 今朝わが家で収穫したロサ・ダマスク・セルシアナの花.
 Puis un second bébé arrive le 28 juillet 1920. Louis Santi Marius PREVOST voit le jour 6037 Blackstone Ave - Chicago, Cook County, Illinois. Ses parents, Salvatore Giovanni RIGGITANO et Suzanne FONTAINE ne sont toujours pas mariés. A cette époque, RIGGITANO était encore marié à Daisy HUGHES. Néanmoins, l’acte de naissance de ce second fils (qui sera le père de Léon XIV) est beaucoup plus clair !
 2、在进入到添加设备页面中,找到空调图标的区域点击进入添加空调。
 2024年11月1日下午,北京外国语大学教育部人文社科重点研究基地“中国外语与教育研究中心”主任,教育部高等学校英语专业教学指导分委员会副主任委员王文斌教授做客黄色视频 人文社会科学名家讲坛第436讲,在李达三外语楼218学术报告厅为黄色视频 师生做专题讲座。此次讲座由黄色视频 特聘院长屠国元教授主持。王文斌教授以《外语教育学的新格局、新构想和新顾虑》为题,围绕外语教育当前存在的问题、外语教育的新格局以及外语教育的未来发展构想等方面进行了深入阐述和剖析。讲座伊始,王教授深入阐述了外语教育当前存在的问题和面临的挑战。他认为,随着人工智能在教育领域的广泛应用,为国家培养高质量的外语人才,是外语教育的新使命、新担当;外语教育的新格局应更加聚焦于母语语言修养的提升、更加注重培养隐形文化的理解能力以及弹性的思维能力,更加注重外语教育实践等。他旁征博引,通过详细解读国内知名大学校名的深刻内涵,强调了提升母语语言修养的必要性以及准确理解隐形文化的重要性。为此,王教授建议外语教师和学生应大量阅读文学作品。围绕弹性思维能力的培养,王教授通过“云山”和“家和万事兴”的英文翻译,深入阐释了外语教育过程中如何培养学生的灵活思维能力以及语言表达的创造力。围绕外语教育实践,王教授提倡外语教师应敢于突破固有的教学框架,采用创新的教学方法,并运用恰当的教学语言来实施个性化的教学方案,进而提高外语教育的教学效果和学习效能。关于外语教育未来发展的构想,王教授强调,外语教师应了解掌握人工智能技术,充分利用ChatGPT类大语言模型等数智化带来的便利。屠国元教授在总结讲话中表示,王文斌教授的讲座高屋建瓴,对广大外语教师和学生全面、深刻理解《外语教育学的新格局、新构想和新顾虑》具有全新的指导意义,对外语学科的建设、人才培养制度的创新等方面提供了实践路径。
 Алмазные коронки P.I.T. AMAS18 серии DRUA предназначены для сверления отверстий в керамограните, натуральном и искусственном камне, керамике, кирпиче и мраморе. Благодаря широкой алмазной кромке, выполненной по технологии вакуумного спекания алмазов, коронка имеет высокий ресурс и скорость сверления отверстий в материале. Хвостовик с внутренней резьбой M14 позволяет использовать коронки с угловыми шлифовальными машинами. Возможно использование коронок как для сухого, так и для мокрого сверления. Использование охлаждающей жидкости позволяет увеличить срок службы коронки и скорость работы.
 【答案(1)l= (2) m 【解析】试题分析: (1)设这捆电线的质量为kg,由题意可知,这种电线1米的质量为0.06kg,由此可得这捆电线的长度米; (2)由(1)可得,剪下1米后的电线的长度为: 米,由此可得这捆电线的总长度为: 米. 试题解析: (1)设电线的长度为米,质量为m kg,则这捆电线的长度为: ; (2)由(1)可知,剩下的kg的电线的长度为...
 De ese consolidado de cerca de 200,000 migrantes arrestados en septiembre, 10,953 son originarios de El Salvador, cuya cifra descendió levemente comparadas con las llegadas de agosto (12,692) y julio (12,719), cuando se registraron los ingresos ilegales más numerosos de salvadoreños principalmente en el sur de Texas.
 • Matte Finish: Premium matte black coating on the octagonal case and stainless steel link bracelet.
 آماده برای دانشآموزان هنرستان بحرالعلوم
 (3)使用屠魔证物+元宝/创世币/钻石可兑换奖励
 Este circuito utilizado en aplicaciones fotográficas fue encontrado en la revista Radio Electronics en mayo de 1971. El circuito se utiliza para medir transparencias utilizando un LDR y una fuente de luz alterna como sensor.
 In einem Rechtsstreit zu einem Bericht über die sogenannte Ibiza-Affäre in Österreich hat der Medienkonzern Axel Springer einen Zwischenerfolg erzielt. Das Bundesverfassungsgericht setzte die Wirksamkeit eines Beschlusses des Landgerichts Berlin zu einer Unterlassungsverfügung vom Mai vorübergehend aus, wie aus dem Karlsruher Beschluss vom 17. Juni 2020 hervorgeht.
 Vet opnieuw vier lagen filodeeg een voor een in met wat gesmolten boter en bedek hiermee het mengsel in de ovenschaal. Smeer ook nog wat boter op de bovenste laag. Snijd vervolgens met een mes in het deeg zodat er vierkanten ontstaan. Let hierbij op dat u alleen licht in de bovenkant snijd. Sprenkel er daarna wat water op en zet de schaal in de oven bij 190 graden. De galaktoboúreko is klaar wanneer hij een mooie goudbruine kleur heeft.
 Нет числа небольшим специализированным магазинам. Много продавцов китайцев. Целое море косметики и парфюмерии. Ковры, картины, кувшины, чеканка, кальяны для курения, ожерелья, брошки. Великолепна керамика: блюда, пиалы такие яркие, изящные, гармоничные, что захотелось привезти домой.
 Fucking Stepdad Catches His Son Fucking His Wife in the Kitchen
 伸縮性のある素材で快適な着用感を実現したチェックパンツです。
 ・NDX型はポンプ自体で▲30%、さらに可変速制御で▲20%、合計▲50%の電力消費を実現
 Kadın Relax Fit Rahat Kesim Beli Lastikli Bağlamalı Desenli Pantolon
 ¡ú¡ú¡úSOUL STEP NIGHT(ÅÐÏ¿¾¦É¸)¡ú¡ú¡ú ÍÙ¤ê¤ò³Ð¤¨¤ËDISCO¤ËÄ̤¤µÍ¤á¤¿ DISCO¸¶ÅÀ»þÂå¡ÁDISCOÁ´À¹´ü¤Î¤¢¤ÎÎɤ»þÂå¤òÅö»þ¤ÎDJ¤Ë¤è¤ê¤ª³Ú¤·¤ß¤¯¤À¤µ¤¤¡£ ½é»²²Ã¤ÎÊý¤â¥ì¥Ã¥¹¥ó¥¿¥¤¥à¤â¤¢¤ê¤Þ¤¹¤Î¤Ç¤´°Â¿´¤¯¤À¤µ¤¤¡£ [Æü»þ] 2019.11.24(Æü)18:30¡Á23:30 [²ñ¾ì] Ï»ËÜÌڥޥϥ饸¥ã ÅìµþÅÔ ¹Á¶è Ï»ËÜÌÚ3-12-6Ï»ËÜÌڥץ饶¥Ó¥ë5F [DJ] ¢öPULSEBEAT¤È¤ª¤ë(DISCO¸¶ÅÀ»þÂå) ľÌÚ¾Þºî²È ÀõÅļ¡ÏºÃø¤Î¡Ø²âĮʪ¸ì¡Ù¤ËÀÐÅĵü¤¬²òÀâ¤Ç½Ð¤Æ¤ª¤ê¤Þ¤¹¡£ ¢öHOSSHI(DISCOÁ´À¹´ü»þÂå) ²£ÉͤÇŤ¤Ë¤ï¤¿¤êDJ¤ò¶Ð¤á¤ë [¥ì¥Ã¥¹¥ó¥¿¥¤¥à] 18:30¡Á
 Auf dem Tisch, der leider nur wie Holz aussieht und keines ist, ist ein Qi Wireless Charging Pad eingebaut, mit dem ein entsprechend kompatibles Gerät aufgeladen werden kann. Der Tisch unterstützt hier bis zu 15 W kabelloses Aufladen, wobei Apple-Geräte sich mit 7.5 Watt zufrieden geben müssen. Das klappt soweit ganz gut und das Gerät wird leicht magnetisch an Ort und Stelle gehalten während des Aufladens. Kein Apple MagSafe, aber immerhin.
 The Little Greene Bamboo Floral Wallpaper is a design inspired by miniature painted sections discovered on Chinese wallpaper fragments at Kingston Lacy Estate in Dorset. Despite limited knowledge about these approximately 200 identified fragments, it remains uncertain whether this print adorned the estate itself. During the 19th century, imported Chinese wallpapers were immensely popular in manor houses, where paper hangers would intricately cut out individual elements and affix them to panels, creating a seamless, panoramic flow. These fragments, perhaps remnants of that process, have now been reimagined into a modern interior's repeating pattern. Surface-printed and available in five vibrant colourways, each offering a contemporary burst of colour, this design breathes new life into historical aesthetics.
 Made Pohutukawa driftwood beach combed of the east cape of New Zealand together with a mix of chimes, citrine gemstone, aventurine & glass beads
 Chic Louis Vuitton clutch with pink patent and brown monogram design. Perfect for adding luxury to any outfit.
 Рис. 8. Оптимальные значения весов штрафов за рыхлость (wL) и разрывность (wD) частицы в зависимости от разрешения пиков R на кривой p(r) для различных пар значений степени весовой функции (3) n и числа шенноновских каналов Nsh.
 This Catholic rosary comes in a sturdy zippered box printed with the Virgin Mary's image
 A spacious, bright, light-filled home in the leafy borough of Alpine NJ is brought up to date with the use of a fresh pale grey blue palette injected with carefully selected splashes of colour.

» **Aim of the exercise**: From the records above, transcribe exactly the run of lines that opens with the line holding "伸縮性のある素材で快適な着用感を実現したチェックパンツです。" and closes with the line holding "Kadın Relax Fit", both included.

» **Response to the task**:
 伸縮性のある素材で快適な着用感を実現したチェックパンツです。
 ・NDX型はポンプ自体で▲30%、さらに可変速制御で▲20%、合計▲50%の電力消費を実現
 Kadın Relax Fit Rahat Kesim Beli Lastikli Bağlamalı Desenli Pantolon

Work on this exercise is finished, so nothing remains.